(Records from a collection)
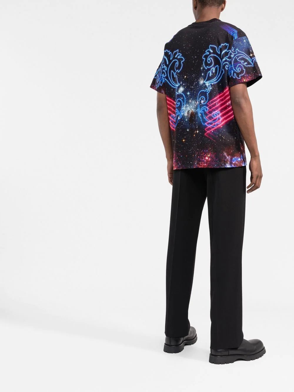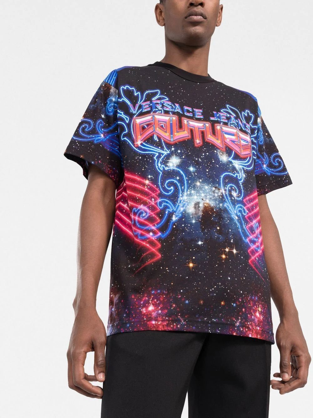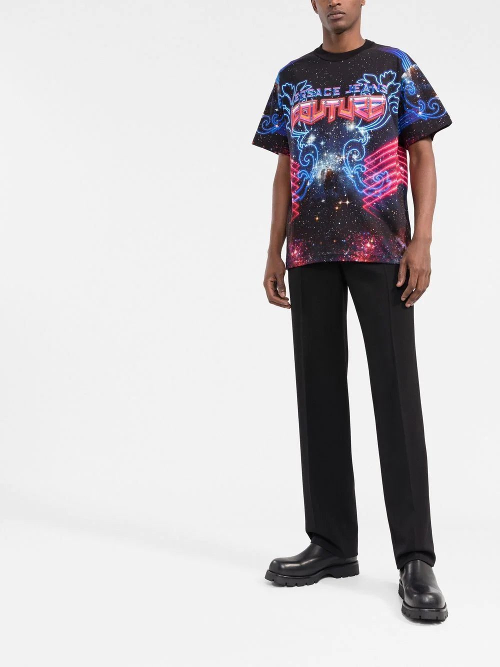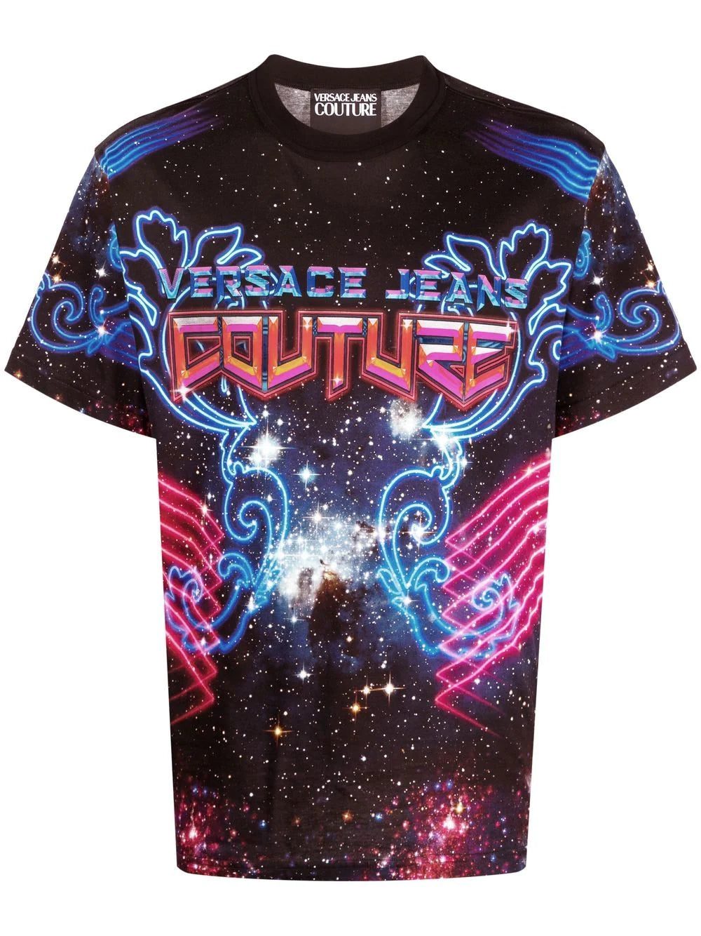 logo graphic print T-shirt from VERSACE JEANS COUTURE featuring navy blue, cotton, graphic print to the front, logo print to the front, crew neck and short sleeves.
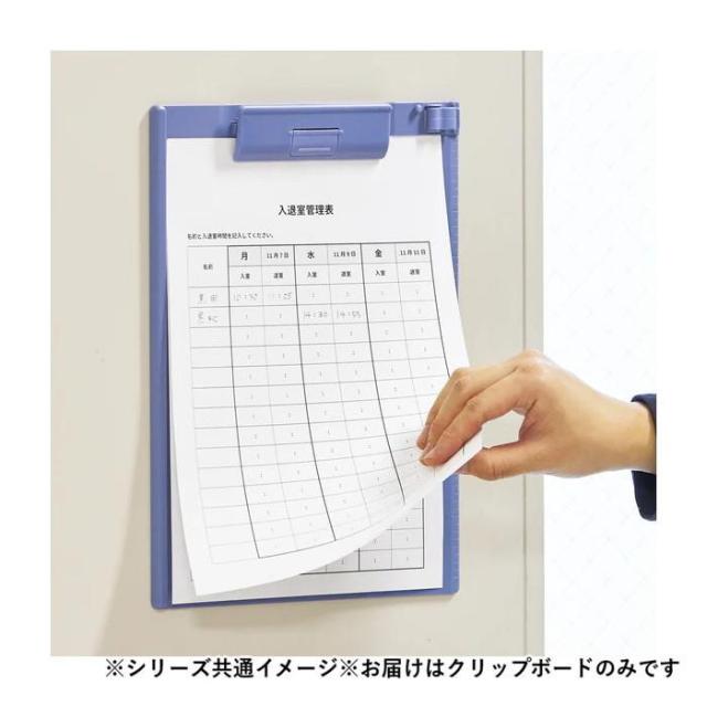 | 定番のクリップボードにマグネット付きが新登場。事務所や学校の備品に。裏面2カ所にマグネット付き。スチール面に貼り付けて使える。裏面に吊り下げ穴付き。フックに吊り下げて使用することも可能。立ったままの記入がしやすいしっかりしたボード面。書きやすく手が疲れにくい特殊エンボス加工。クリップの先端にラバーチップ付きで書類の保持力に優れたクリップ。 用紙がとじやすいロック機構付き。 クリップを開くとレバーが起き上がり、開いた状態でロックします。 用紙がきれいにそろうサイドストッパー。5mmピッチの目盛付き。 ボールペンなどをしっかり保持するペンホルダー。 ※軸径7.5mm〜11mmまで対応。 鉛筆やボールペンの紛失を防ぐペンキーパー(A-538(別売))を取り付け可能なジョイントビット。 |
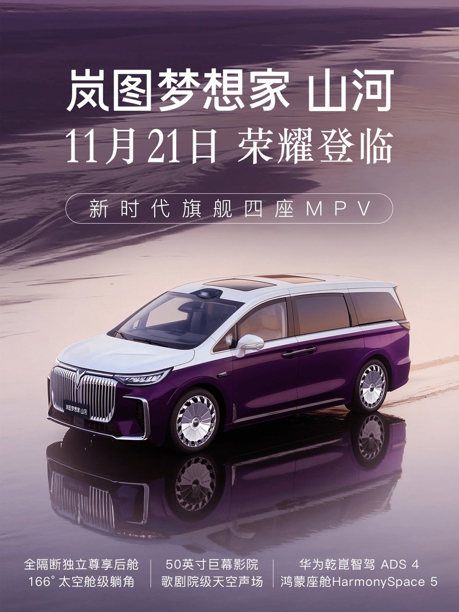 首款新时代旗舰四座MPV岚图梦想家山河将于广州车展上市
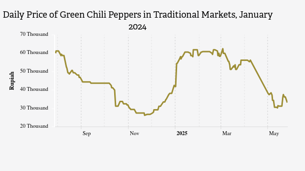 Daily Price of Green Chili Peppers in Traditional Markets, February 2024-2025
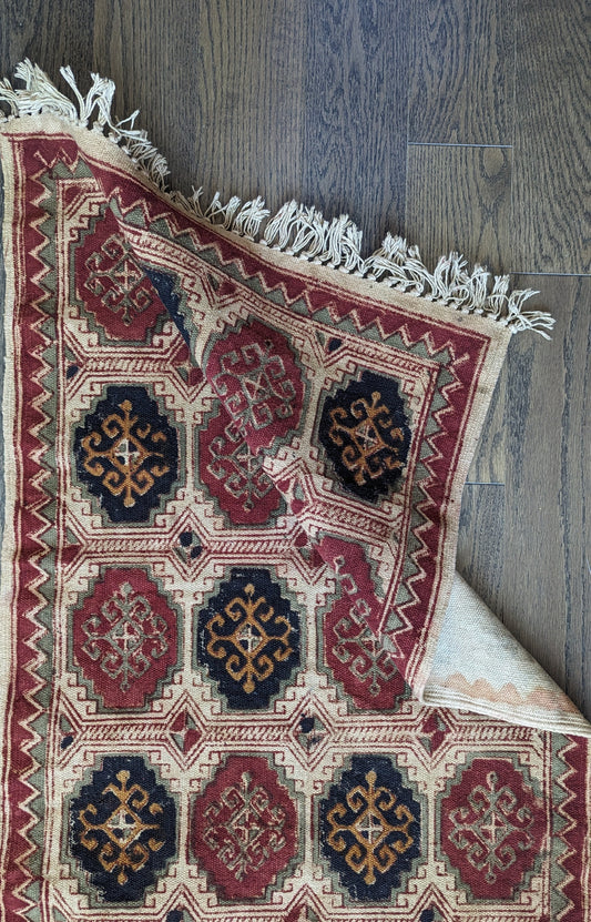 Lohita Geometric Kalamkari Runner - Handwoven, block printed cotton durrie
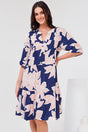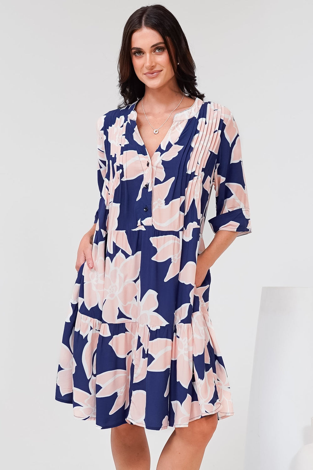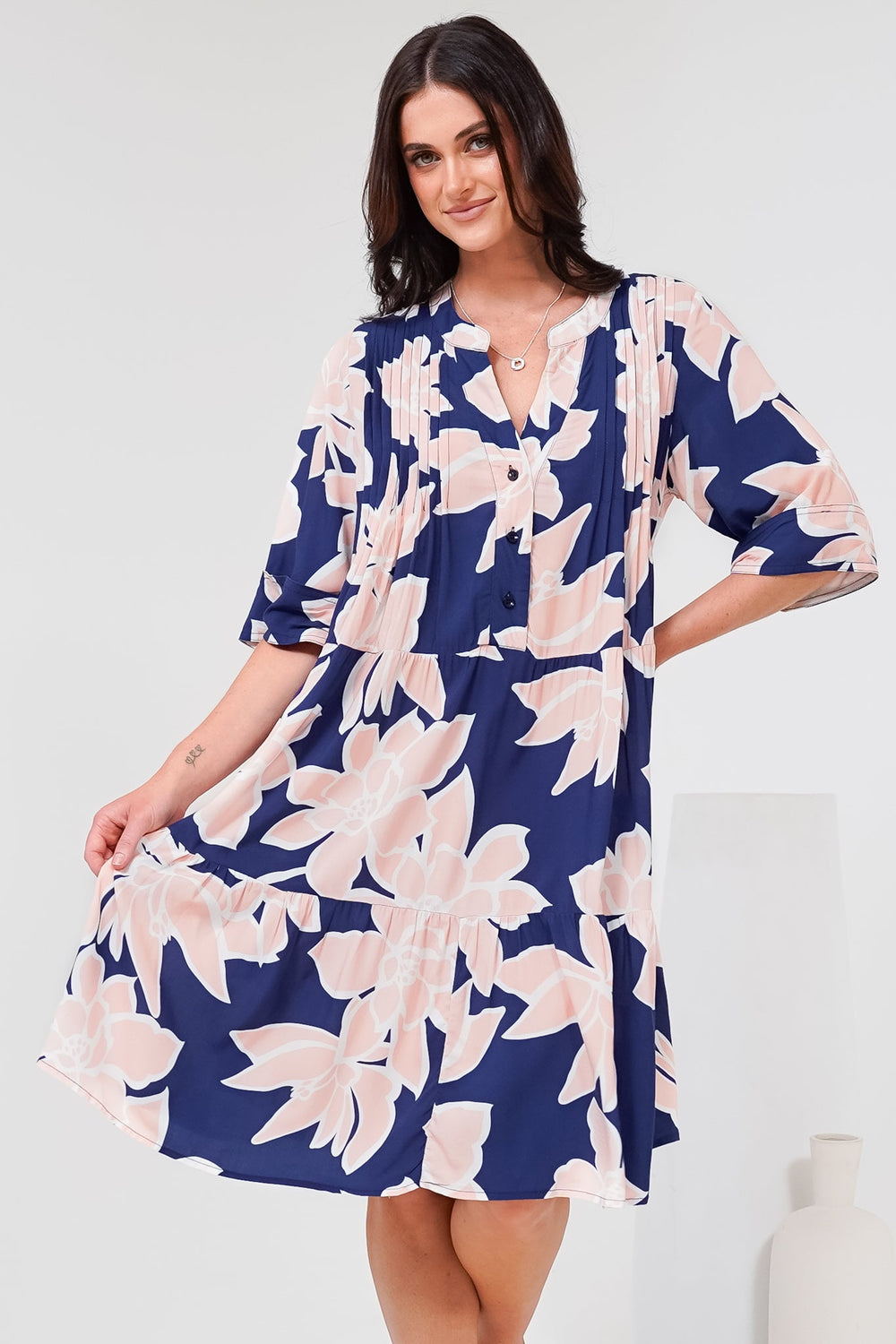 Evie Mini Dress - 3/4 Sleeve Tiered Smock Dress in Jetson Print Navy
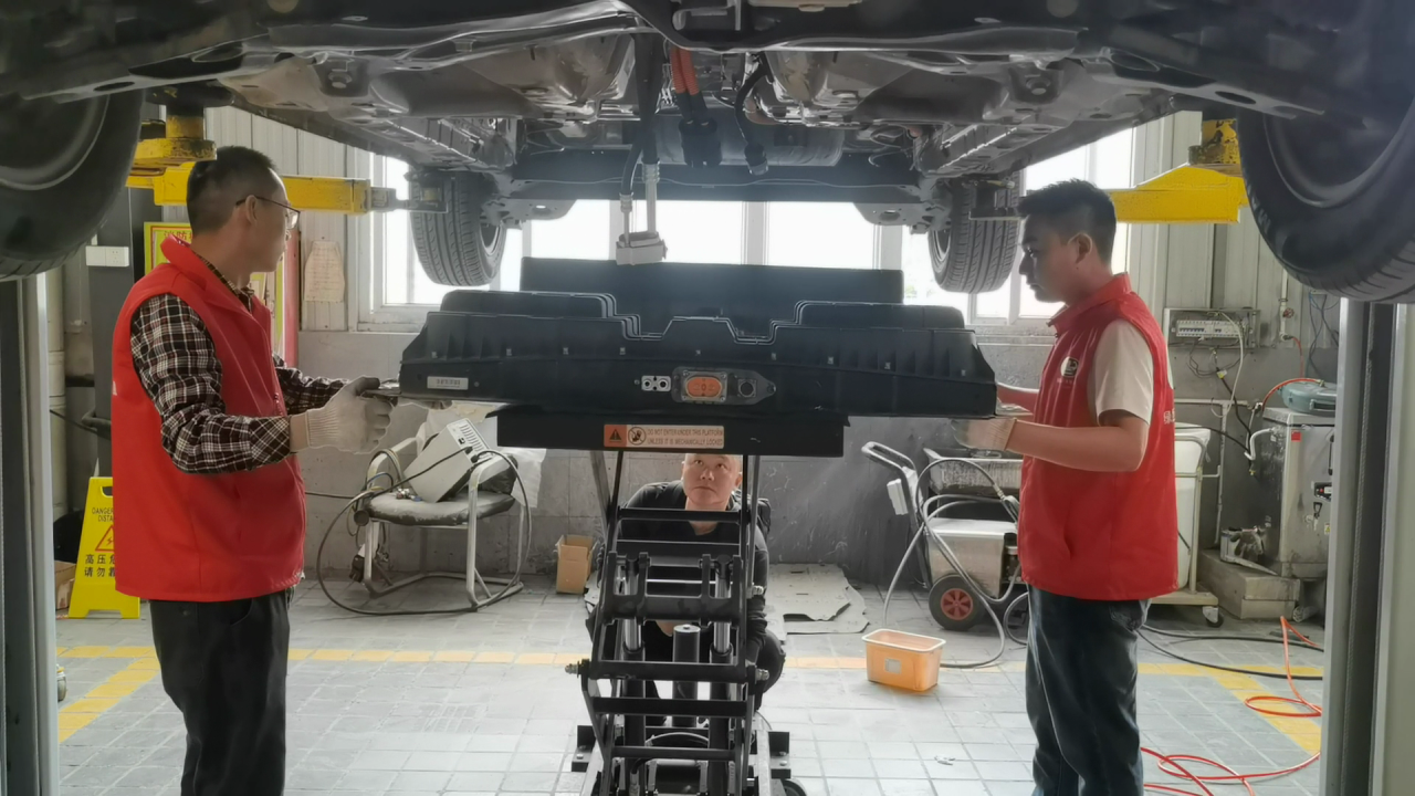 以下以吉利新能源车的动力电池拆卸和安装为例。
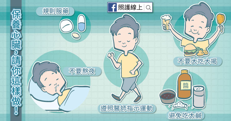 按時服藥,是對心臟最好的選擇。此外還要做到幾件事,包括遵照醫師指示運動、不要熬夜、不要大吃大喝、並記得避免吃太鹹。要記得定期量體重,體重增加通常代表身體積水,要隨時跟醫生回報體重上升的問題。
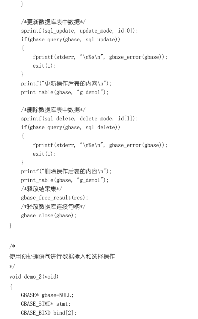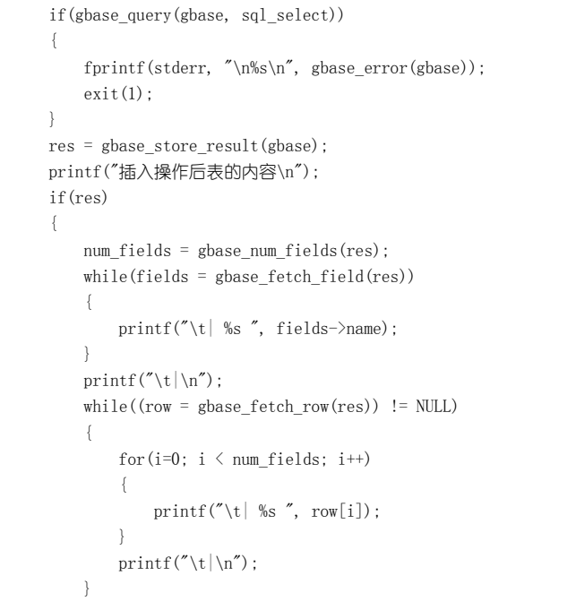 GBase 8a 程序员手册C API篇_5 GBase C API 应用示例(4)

▸ Task to complete: Write out, word for word, only the lines from the one containing "按時服藥,是對心臟最好的選擇" to the end of the data above; the pictures stay out.

▸ Answer for this exercise:
 按時服藥,是對心臟最好的選擇。此外還要做到幾件事,包括遵照醫師指示運動、不要熬夜、不要大吃大喝、並記得避免吃太鹹。要記得定期量體重,體重增加通常代表身體積水,要隨時跟醫生回報體重上升的問題。
 GBase 8a 程序员手册C API篇_5 GBase C API 应用示例(4)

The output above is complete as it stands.